How did this... on the time dimension there are two things. One is
how did a specific thing change over time? Like for instance,
suddenly if you're looking at a neighborhood and we can look at different snapshots of the data over a period of time to say,
hey, the dwell time of people visiting this particular location increased.
And that leads to something like, hey, is there a new development there?
Is there a new mall here? Or the density of visits increased?
We can identify, derive that
insights. And this is useful for businesses, right? Like, if Amazon wants to open up a new locker, or
someone in Starbucks wants to open up a new location, this, the identification of a new development
becomes, becomes important in that sense, right? And the other kind of analysis is like point-in-time analysis
like we have information about events or concerts happening at places. How
does the visitation of the nearby businesses change when there is a
football game going on? What kind of consumption patterns do that clientele
have, right? Do I need to stock more pizza?
Do I need to stock some other thing or something like that?
That kind of a thing also helps businesses make important decisions.
So these are the.
Dimensions of the problem, both from a customer perspective
and an internal acceleration perspective that led to this idea of the knowledge
graph or the four square graph.
Great, thanks. And well, to summarize, let's say, what you've mentioned so far,
well, four square does a number of things. First, you have lots of different data sets that
your clients can use. You also have APIs that enable access to those datasets.
And then you also have, well, I would call products that are built on top of the former two.
So, and plus you have lots of different datasets sitting in lots of different data management
systems. And so you wanted to begin with, you wanted to have like a unified view across all of your data sets.
And then what you referred to in the last part, so spatial temporal analysis and analytics that are built on top of the integration of all of that data.
So I guess this is what, well, obviously, this is a pain point that many organizations have to deal with. The particular aspect in your case is
that precisely you have to deal with this spatial-temporal analysis, which is something
not everyone has to deal with. So I guess the first part, the data integration part,
is what led you towards using knowledge graph technology. And I'm going to ask you about
the specifics of this technology because
as you probably know and many of the people who are listening also know that when we talk about
graphers, like any other technology, there's lots of different options, different data models and
lots of different things to think about to find what's the best solution for you.

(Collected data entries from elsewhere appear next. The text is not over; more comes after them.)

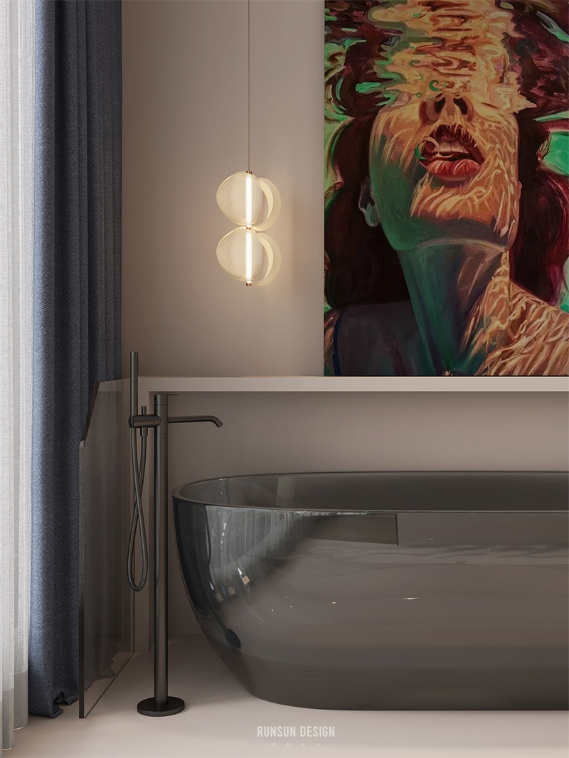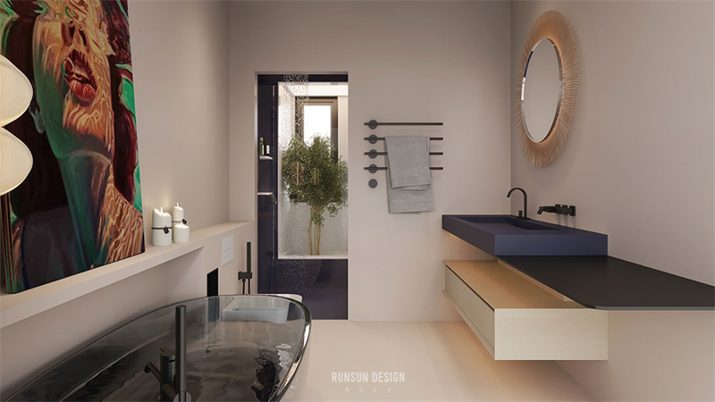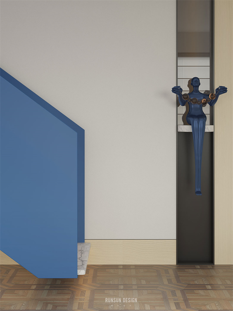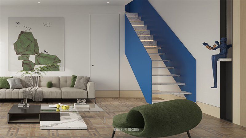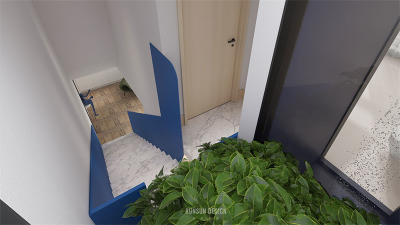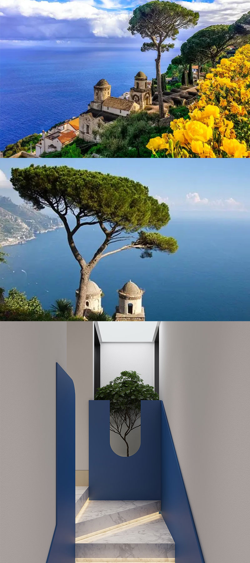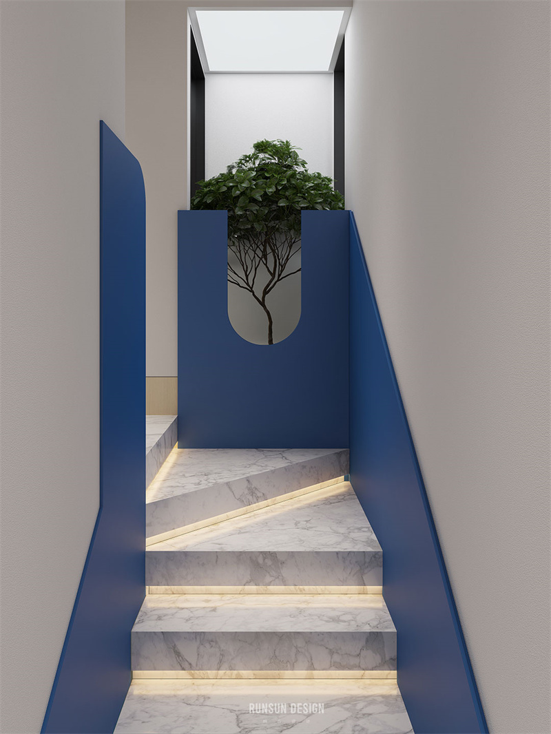 本案立意阿馬爾菲海岸,室內(nèi)樓梯造型的設(shè)計上,模擬地中海峽灣的風(fēng)景輪廓,打造一個意式風(fēng)情濃郁的室內(nèi)空間。藍色樓梯的弧度造型正如阿馬爾菲海岸的峽灣,將大海攬入懷中。而植物端景正如峽灣山坡的獨立植物,給予人獨樹一幟的視覺沖擊。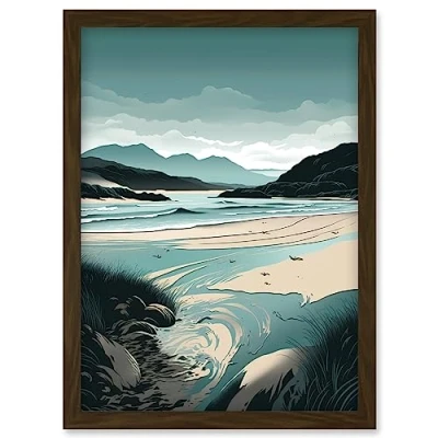 Artery8 Luskentyre Sands Coastal Landscape Illustration Artwork Framed Wall Art Print A4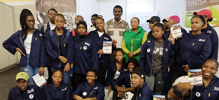 Learners at the Unisa marketing stand

So yeah, the first part of the question I wanted to ask is,
well, what drove the decision to build a knowledge graph
and what kind of choices did you have to make
and what were the parameters that you considered
to drive at the solution that you finally chose? So what drove the decision to
build this knowledge graph? I think as I laid out earlier, the initial part of it was how can we
accelerate innovation within the company, right? And because we came together from
different acquisitions, like as a company, there was a lot of data
that was not even discovered.
For instance, we get a lot of ground truth data
from our mobile SDKs and apps, which
drive our model creation for some of the things
that we do, model training.
If all of that is not accessible in a single location,
then we are losing out on
building more robust models. So part of it was solving the discovery problem and making sure
that we are building off of a common platform, common base. Any exchange of data is happening
through that common base and any publishing of data is also happening through that common base. So that was one key dimension. And to talk about the specifics of the technology,
we did a lot of exploration. I think as soon as we started thinking about this as a graph which has
a lot of different relationships, like some of the relationships that we capture, like what are the user's homes,
home locations, work locations,
what are their tastes,
what are the places they're visiting on a regular basis
and all that, right?
So it gets large very quick.
And then that coupled with,
oh, we need to get boundaries dataset,
we need to get weather datasets,
we need to get boundaries data set, we need to get weather data sets, we need to get roads and buildings data sets to augment and improve our current products. We started with
naively, we started with hey this seems like a graph, let's go find some graph databases and
one of the challenges we found with native graph databases is that they solve the relationship angle of it,
like in terms of being able to connect multiple nodes and traverse that.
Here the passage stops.